> **WORK INSTRUCTION**
Write out, from the entries below, exactly the lines that run between the lines holding "The really interesting" and "与泉城中学是两所以省会城市命", inclusive, and stop there.

> **DATA FOR REVIEW**
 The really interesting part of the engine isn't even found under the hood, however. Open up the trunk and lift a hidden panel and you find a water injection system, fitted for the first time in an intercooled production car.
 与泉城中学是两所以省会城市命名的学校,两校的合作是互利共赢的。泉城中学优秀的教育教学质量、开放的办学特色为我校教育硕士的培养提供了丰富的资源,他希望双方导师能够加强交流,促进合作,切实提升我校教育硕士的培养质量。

--

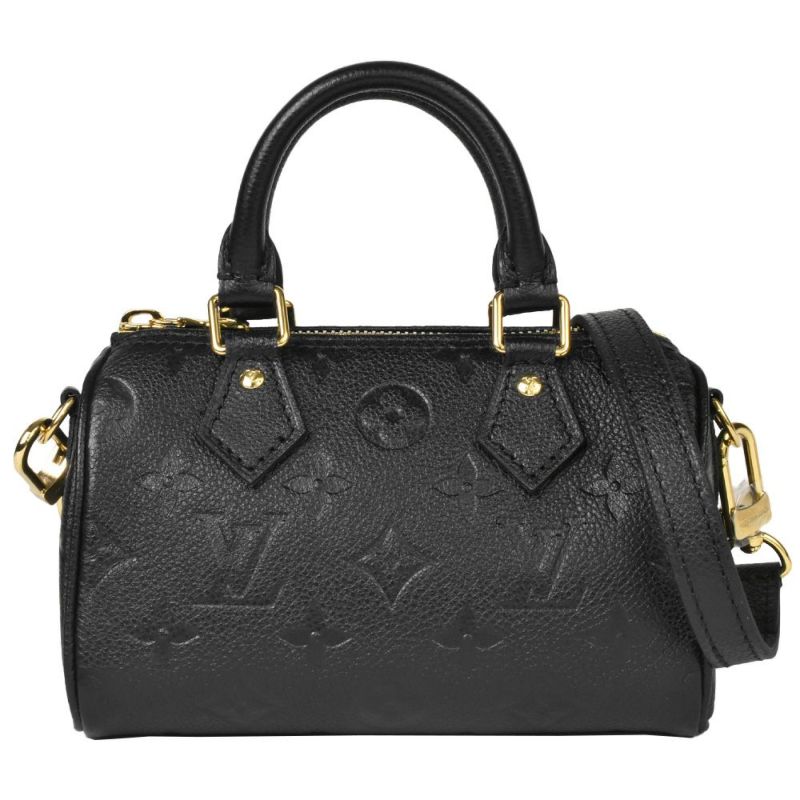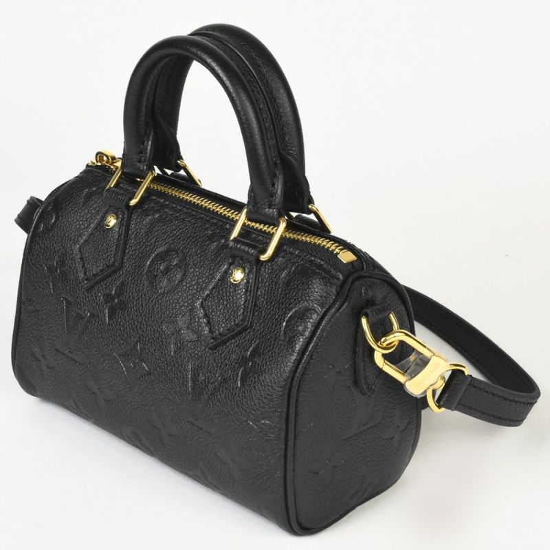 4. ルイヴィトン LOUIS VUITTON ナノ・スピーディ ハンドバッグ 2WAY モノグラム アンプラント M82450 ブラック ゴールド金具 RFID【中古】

---

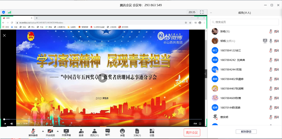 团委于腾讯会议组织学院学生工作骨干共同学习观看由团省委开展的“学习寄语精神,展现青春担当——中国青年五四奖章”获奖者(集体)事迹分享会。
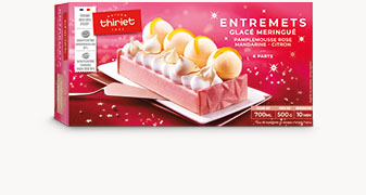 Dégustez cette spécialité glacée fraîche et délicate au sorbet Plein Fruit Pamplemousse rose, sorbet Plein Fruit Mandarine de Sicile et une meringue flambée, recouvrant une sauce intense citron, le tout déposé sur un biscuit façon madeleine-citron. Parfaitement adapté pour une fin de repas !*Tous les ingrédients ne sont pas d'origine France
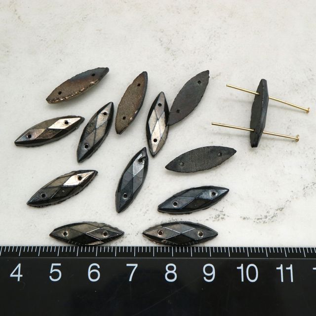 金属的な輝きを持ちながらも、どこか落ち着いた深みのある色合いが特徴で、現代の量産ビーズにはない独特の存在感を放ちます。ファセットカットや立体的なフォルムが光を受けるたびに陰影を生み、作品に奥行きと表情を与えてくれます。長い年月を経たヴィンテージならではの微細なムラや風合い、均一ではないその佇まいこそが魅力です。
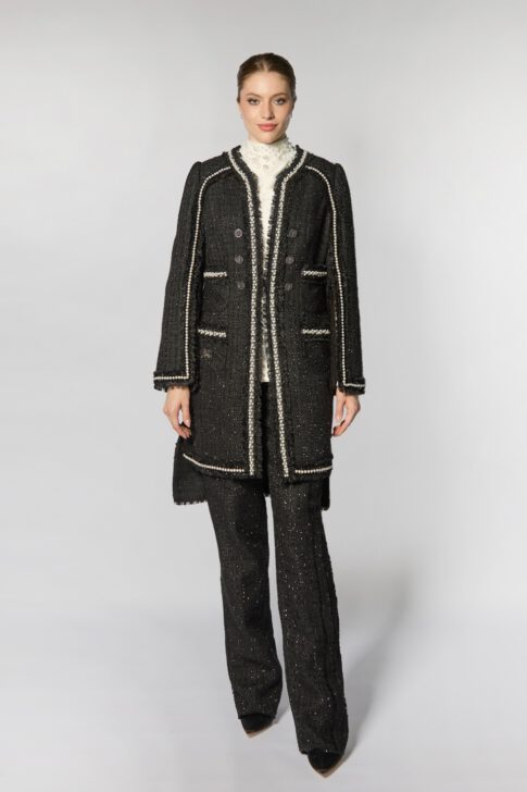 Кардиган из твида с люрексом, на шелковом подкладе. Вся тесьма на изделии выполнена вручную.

> **RESPONSE TO THE TASK**
 The really interesting part of the engine isn't even found under the hood, however. Open up the trunk and lift a hidden panel and you find a water injection system, fitted for the first time in an intercooled production car.
 与泉城中学是两所以省会城市命名的学校,两校的合作是互利共赢的。泉城中学优秀的教育教学质量、开放的办学特色为我校教育硕士的培养提供了丰富的资源,他希望双方导师能够加强交流,促进合作,切实提升我校教育硕士的培养质量。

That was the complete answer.